Strategy Synthesis for Markov Decision Processes and Branching-Time Logics

by Tomáš Brázdil, Vojtěch Forejt, A full version of the paper presented at CONCUR 2007 July 2007, 28 pages.

FIMU-RS-2007-03. Available as Postscript, PDF.

Abstract:

We consider a class of finite $1\frac{1}{2}$-player games (Markov decision processes) where the winning objectives are specified in the branching-time temporal logic qPECTL$^*$ (an extension of the qualitative PCTL$^*$). We study decidability and complexity of existence of a winning strategy in these games. %The logic is more expressive than the qualitative fragment of PCTL$^*$. We identify a fragment of qPECTL$^*$ called detPECTL$^*$ for which the existence of a winning strategy is decidable in exponential time, and also the winning strategy can be computed in exponential time (if it exists). Consequently we show that every formula of qPECTL$^*$ can be translated to a formula of detPECTL$^*$ (in exponential time) so that the resulting formula is equivalent to the original one over finite Markov chains.
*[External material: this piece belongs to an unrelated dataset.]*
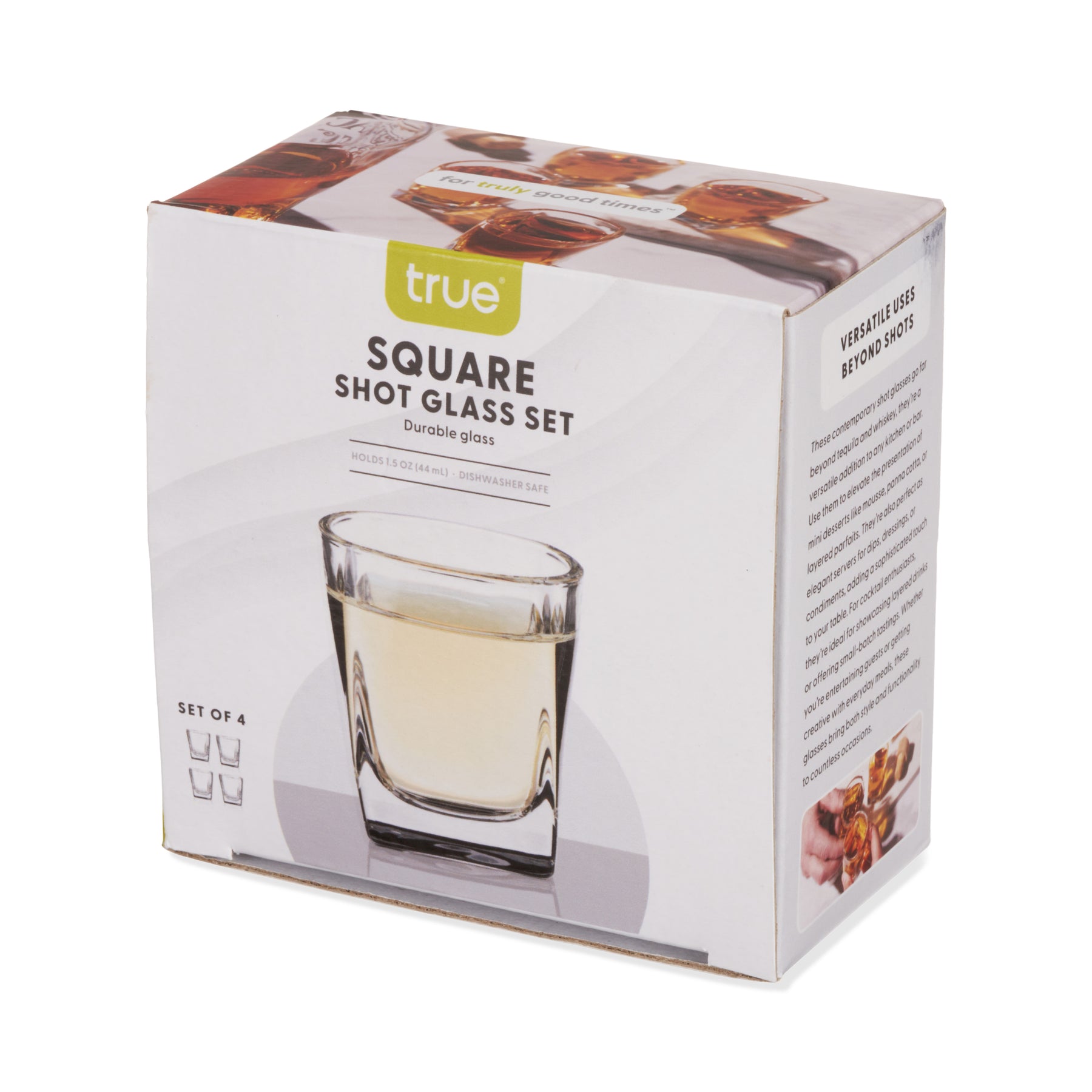 Add a touch of contemporary style to your home bar with these square shot glasses. This set of 4 sleek, durable glasses is perfect for serving tequila, whiskey, or layered shots, and their unique square base brings a modern twist to any occasion. Dishwasher safe for easy cleaning, these versatile shot glasses are ideal for both parties and everyday use.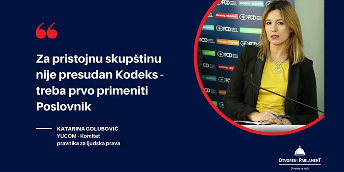 Pre nego što je Skupština Srbije u decembru na brzinu usvojila Kodeks ponašanja narodnih poslanika, Otvoreni parlament svoje mišljenje o tome iskazao je zahtevom da se predlog povuče. Pošto je Kodeks ipak usvojen ovakav kakav je ostavio je brojna pitanja da li će i kako uopšte biti primenjen. Odgovor smo potražili od predsednice Komiteta pravnika…

From this we obtain that for the whole qPECTL$^*$, the existence of a winning finite-memory strategy is decidable in double exponential time. An immediate consequence is that the existence of a winning finite-memory strategy is decidable for the qualitative fragment of PCTL$^*$ in triple exponential time. We also obtain a single exponential upper bound on the same problem for the qualitative PCTL. Finally, we study the power of finite-memory strategies with respect to objectives described in the qualitative PCTL.